To configure the web server as desired, it is simpler to directly modify the sources.
The first step is to add the GateIn 3.2 Authentication Plugin:
The plugin makes secure authentication callbacks to a RESTful service installed on the remote GateIn 3.2 server to authenticate a user.
In order for the plugin to function correctly, it needs to be properly configured to connect to this service. This configuration is done via the opensso.war/config/auth/default/AuthenticationPlugin.xml file.
Obtain a copy of Tomcat and extract it into a suitable location (this location will be referred to as TOMCAT_HOME in this example).
Change the default port to avoid a conflict with the default GateIn 3.2 port (for testing purposes) by editing TOMCAT_HOME/conf/server.xml and replacing the 8080 port with 8888.
Note
If GateIn 3.2 is running on the same machine as Tomcat, other ports need to be changed in addition to 8080 to avoid port conflicts. They can be changed to any free port. For example, you can change the admin port from 8005 to 8805, and AJP port from 8009 to 8809.

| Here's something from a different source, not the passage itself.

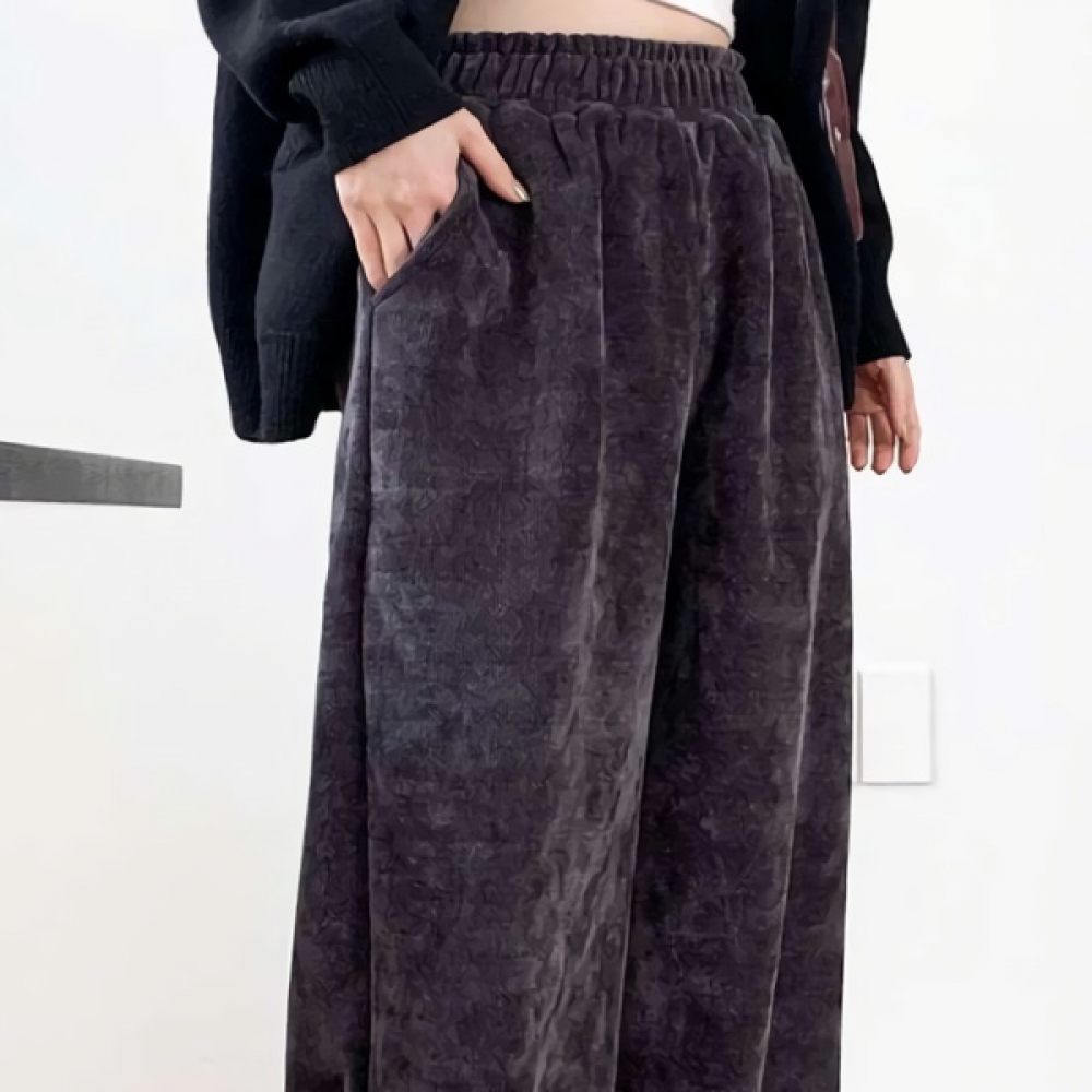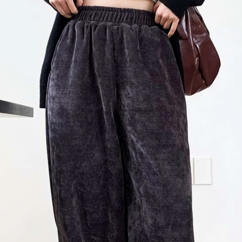 여성 논페이드 커브드 와이드 기모 데님 팬츠

Ensure the TOMCAT_HOME/webapps/opensso/config/auth/default/AuthenticationPlugin.xml file looks like this:
<?xml version='1.0' encoding="UTF-8"?>
<!DOCTYPE ModuleProperties PUBLIC "=//iPlanet//Authentication Module Properties XML Interface 1.0 DTD//EN"
"jar://com/sun/identity/authentication/Auth_Module_Properties.dtd">
<ModuleProperties moduleName="AuthenticationPlugin" version="1.0" >
<Callbacks length="2" order="1" timeout="60"

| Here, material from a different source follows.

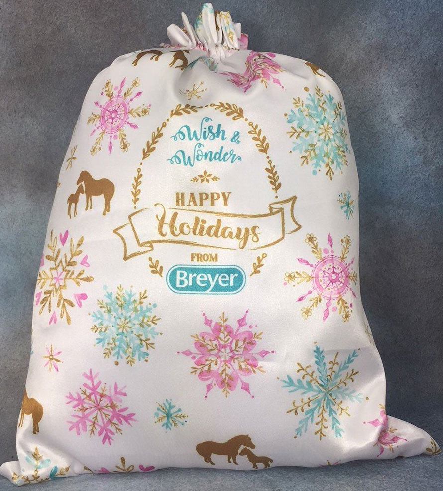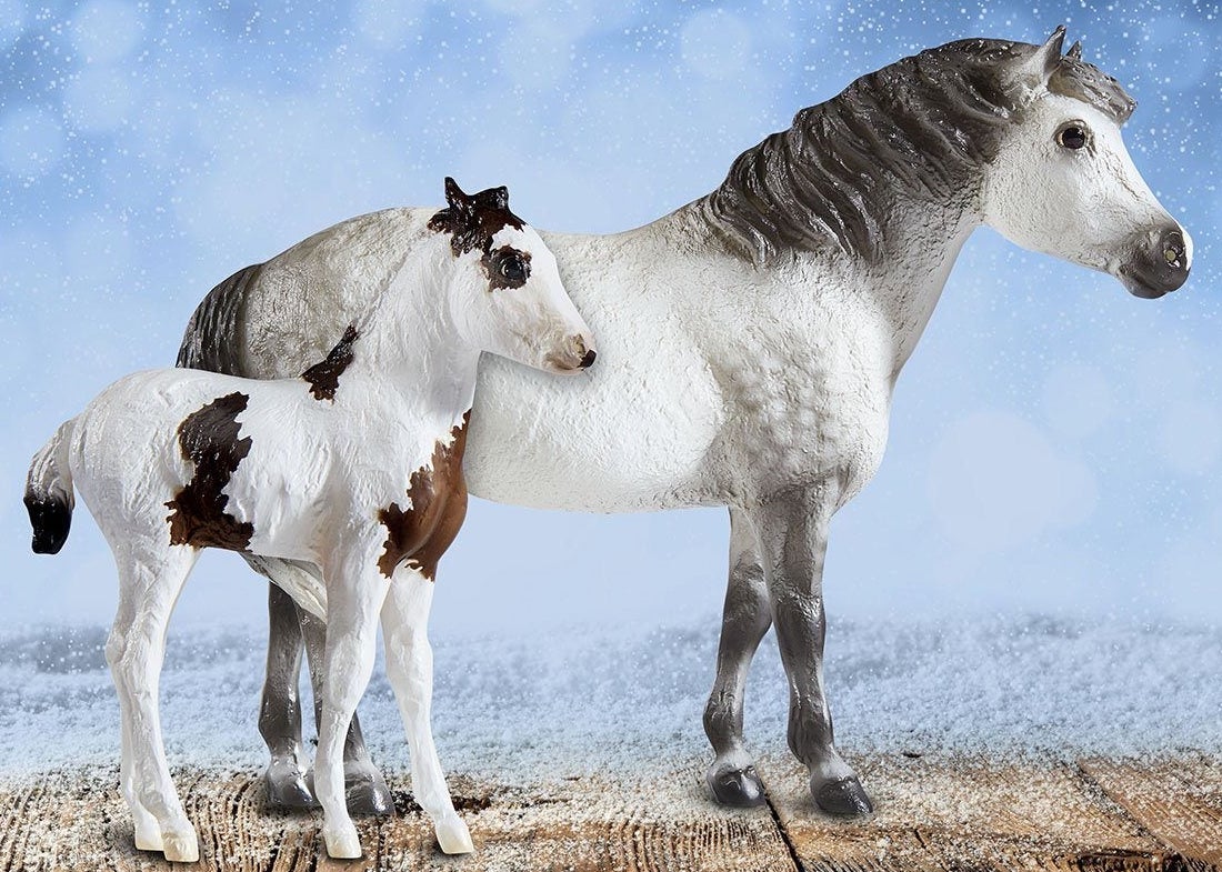 "With their chalky coats, this delightful mare and foal set will bring joy to collectors of all ages. Chincoteague Ponies can have many different coat colors and patterns, just like the ones seen on this island dwelling pair. The windswept mare Wish has a beautifully shaded dapple grey coat, and her sweet filly Wonder has a sooty buckskin pinto coat. This set comes in a festive satin gift bag.” www.breyerhorses.com. Included Misty and Stormy.

header="GateIn OpenSSO Login" >
<NameCallback>
<Prompt>
Username
</Prompt>
</NameCallback>
<PasswordCallback echoPassword="false" >
<Prompt>
Password
</Prompt>
</PasswordCallback>
</Callbacks>
</ModuleProperties>
Copy GATEIN_SSO_HOME/opensso/plugin/WEB-INF/lib/sso-opensso-plugin-<VERSION>.jar, GATEIN_SSO_HOME/opensso/plugin/WEB-INF/lib/commons-httpclient-<VERSION>.jar, and GATEIN_SSO_HOME/opensso/plugin/WEB-INF/lib/commons-logging-<VERSION>.jar into the Tomcat directory at TOMCAT_HOME/webapps/opensso/WEB-INF/lib.
Copy GATEIN_SSO_HOME/opensso/plugin/WEB-INF/classes/gatein.properties into TOMCAT_HOME/webapps/opensso/WEB-INF/classes.

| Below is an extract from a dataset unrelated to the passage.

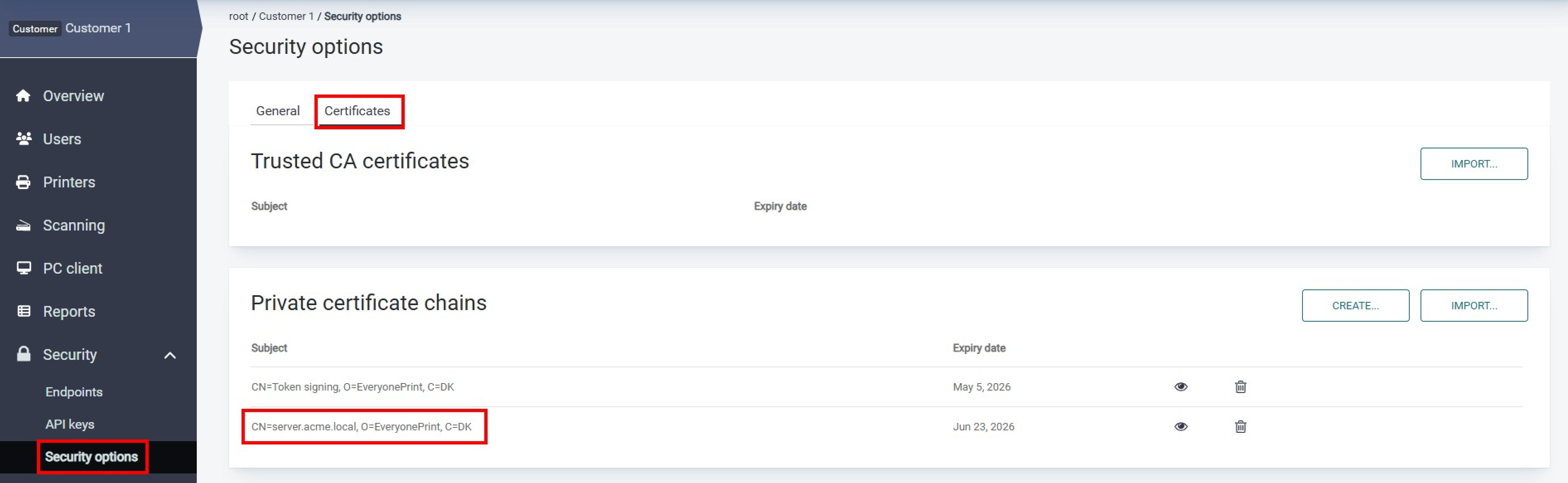 Log in to the PMC Web UI. Go to Security > Security Options and select tab Certificates.

Tomcat should start and be able to access http://localhost:8888/opensso/UI/Login?realm=gatein. Login will not be available at this point.
Configure the "gatein" realm:
Direct your browser to http://localhost:8888/opensso.
Create the default configuration.
Login as amadmin and then go to the Configuration tab -> Authentication -> Core link -> add a new value and fill in the class name org.gatein.sso.opensso.plugin.AuthenticationPlugin. This step is really important. If not, AuthenticationPlugin is not available among other the OpenSSO authentication modules.
Go to the Access control tab and create the new realm called gatein.
Go to the "gatein" realm and click the Authentication tab. At the bottom of the Authentication chaining section, click ldapService. Here, change the selection from "Datastore", which is the default module in the authentication chain, to AuthenticationPlugin. This enables the authentication of "gatein" realm by using the GateIn REST service instead of the OpenSSO LDAP server.
Go to Advanced properties and change UserProfile from Required to Dynamic. This step is needed because GateIn 3.2 users are not in the OpenSSO Datastore (LDAP server), so their profiles can not be obtained if "Required" is active. By using "Dynamic", all new users are automatically created in the OpenSSO datastore after successful authentication.
Increase the user privileges to allow the REST access. Go to Access control -> Top level realm -> Privileges tab -> All authenticated users, and check the last two checkboxes:
Read and write access only for policy properties.
Read and write access to all realm and policy properties.
Repeat previous step with increasing privileges for gatein realm as well.